The following table provides the total amount of transactions that have been entered into with related parties during the first nine months of 2021 and 2020:
| Related Party Transactions | Q1-Q3 2021 | Q1-Q3 2020 |
|---|---|---|
| Management for Hire | 0 | 375 |
| Total | 0 | 375 |
| Right of use | |||||
|---|---|---|---|---|---|
| (amounts in NOK thousand) | Asset | PPE | Trademark Other Intangibles | Goodwill | |
| Balance 01.01.2021 | 821 683 | 199 513 | 1 515 484 | 5 622 | 72 281 |
| Exchange differences | -10 916 | -1 749 | -2 346 | -167 | -3 034 |
| Additions, disposals and adjustments | 97 622 | 54 514 | 11 016 | ||
| Depreciation and amortisation | -198 865 | -51 102 | -1 341 | ||
| Balance 30.09.21 | 709 525 | 201 176 | 1 513 138 | 15 130 | 69 247 |
| Right of use | |||||
|---|---|---|---|---|---|
| (amounts in NOK thousand) | Asset | PPE | Trademark Other Intangibles | Goodwill | |
| Balance 01.01.2020 | 822 604 | 179 233 | 1 510 165 | 10 085 | 65 402 |
| Exchange differences | 24 735 | 5 788 | 5 673 | 665 | 7 336 |
| Additions, disposals and adjustments | 140 686 | 40 780 | - | 956 | - |
| Depreciation and amortisation | -209 447 | -44 342 | - | -2 440 | - |
| Balance 30.09.2020 | 778 579 | 181 460 | 1 515 838 | 9 265 | 72 737 |
Adjusted EBITDA, adjusted EBITDA margin, adjusted EBIT and adjusted EBIT margin are no longer included in the Alternative Performance Measures because these performance measures are no longer considered relevant. Previous adjustments were due to integration costs. There were no such integration costs in 2021 and in the comparable periods these costs are not considered material.

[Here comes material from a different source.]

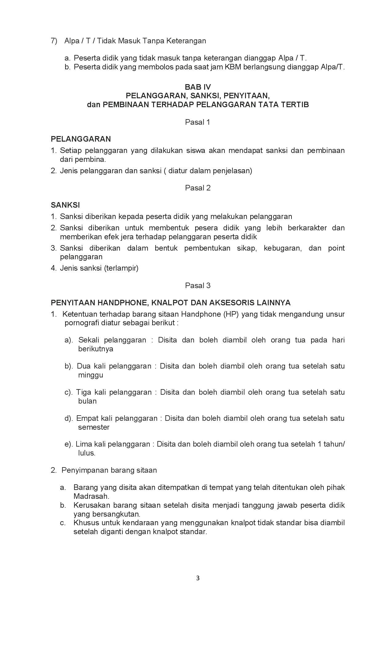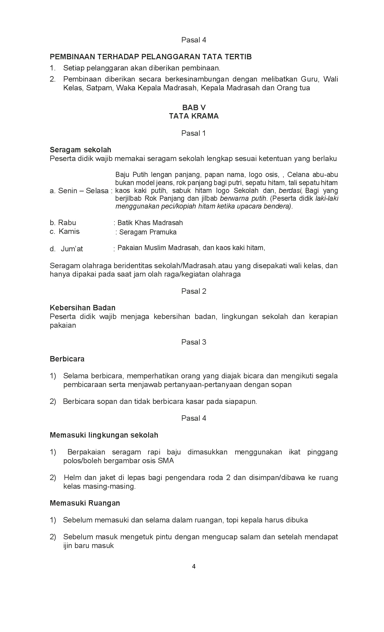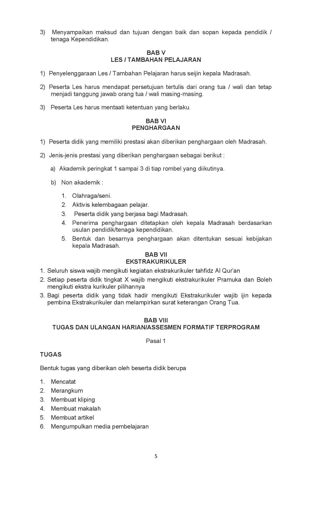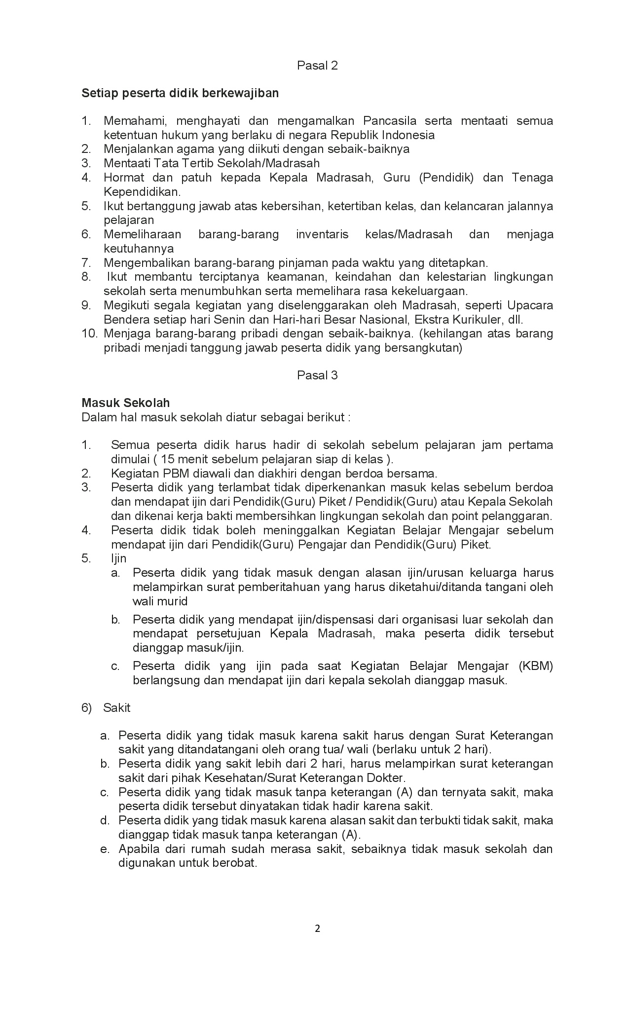 Tata Tertib Madrasah

This report includes forward-looking statements which are based on our current expectations and projections about future events. All statements other than statements of historical facts included in this report, including statements regarding our future financial position, risks and uncertainties related to our business, strategy, capital expenditures, projected costs and our plans and objectives for future operations, including our plans for future costs savings and synergies may be deemed to be forward-looking statements. Words such as "believe," "expect," "anticipate,", "may," "assume," "plan," "intend," "will," "should," "estimate," "risk" and similar expressions or the negatives of these expressions are intended to identify forward-looking statements. By their nature, forward-looking statements involve known and unknown risks and uncertainties because they relate to events and depend on circumstances that may or may not occur in the future. Forward-looking statements are not guarantees of future performance. You should not place undue reliance on these forward-looking statements. In addition, any forward-looking statements are made only as of the date of this notice, and we do not intend and do not assume any obligation to update any statements set forth in this notice.